Optogenetic Neuronal Silencing in Drosophila during Visual Processing

Affiliations

Optogenetic Neuronal Silencing in Drosophila during Visual Processing

Alex S Mauss et al. Sci Rep. .

Abstract

Optogenetic channels and ion pumps have become indispensable tools in neuroscience to manipulate neuronal activity and thus to establish synaptic connectivity and behavioral causality. Inhibitory channels are particularly advantageous to explore signal processing in neural circuits since they permit the functional removal of selected neurons on a trial-by-trial basis. However, applying these tools to study the visual system poses a considerable challenge because the illumination required for their activation usually also stimulates photoreceptors substantially, precluding the simultaneous probing of visual responses.

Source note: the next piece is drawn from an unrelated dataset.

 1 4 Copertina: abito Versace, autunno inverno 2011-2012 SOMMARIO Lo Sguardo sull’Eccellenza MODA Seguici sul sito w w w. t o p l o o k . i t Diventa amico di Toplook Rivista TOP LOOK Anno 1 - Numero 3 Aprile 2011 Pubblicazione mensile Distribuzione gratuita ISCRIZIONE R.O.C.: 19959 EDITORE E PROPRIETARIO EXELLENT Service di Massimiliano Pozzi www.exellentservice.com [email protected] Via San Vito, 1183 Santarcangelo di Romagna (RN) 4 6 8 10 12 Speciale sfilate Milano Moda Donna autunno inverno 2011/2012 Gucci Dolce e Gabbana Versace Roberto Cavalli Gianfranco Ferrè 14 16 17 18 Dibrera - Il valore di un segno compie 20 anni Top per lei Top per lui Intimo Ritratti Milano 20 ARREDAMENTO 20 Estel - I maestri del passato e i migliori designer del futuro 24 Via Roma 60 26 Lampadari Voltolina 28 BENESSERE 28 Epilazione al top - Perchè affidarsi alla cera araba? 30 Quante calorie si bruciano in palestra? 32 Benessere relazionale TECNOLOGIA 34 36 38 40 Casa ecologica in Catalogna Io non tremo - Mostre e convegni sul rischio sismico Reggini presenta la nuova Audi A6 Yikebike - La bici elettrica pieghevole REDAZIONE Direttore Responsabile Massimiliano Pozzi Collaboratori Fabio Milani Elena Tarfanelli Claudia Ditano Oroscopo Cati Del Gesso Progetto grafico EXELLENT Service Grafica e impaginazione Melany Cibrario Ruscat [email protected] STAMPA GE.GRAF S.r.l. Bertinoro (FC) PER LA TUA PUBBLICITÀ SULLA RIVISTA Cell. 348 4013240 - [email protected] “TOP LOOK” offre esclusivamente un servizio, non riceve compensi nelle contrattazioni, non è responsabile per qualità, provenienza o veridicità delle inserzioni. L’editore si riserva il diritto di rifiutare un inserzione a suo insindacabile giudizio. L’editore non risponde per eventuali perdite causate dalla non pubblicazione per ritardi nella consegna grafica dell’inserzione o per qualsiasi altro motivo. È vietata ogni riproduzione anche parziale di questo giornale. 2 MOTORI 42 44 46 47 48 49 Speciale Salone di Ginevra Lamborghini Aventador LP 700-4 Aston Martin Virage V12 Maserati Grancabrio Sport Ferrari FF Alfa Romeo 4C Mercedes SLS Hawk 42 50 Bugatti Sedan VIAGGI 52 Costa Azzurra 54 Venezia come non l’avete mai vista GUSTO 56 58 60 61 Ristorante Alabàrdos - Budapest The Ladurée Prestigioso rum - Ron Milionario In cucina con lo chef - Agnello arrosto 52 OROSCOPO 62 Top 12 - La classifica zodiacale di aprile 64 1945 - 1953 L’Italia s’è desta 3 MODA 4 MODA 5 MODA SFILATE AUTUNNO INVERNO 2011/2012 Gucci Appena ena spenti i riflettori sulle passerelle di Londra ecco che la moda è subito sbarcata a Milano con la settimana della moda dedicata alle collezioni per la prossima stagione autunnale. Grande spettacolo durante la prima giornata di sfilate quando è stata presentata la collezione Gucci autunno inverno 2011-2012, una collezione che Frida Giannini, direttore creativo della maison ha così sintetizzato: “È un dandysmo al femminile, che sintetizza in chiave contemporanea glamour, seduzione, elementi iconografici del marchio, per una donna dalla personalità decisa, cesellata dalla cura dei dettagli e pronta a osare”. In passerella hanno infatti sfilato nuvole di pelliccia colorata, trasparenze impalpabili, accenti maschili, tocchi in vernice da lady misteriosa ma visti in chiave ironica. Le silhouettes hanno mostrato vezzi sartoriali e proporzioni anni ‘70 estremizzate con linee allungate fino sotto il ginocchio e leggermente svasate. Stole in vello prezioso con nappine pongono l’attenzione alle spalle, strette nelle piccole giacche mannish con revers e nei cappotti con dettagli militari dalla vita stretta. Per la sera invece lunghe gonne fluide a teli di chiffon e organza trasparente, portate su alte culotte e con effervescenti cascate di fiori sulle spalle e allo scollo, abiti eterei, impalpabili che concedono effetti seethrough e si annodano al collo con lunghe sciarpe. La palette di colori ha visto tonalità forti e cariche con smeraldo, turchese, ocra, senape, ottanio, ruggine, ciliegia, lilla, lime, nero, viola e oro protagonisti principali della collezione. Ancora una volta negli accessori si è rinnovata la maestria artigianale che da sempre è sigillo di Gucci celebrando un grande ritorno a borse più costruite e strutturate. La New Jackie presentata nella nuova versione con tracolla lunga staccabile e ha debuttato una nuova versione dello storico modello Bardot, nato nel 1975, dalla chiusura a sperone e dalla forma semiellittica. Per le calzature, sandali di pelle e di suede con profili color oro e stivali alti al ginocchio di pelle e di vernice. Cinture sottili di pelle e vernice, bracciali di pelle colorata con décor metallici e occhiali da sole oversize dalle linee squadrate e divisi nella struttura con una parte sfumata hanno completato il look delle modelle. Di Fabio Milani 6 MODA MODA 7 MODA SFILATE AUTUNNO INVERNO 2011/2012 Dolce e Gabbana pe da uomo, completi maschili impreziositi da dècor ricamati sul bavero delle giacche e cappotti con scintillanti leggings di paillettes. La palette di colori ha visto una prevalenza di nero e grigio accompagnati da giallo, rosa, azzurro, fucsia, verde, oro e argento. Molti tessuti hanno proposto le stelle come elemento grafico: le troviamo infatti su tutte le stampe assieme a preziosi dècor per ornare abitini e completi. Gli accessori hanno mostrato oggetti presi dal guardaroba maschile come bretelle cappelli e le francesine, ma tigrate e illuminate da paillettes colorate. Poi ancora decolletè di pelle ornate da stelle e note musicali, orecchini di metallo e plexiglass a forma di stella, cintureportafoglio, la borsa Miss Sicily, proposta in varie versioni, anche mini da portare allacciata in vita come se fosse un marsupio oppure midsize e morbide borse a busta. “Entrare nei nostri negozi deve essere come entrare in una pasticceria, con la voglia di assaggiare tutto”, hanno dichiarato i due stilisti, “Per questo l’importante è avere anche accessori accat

Here, we explore the utility of the recently discovered anion channelrhodopsins GtACR1 and GtACR2 for application in the visual system of Drosophila. We first characterized their properties using a larval crawling assay. We further obtained whole-cell recordings from cells expressing GtACR1, which mediated strong and light-sensitive photocurrents. Finally, using physiological recordings and a behavioral readout, we demonstrate that GtACR1 enables the fast and reversible silencing of genetically targeted neurons within circuits engaged in visual processing.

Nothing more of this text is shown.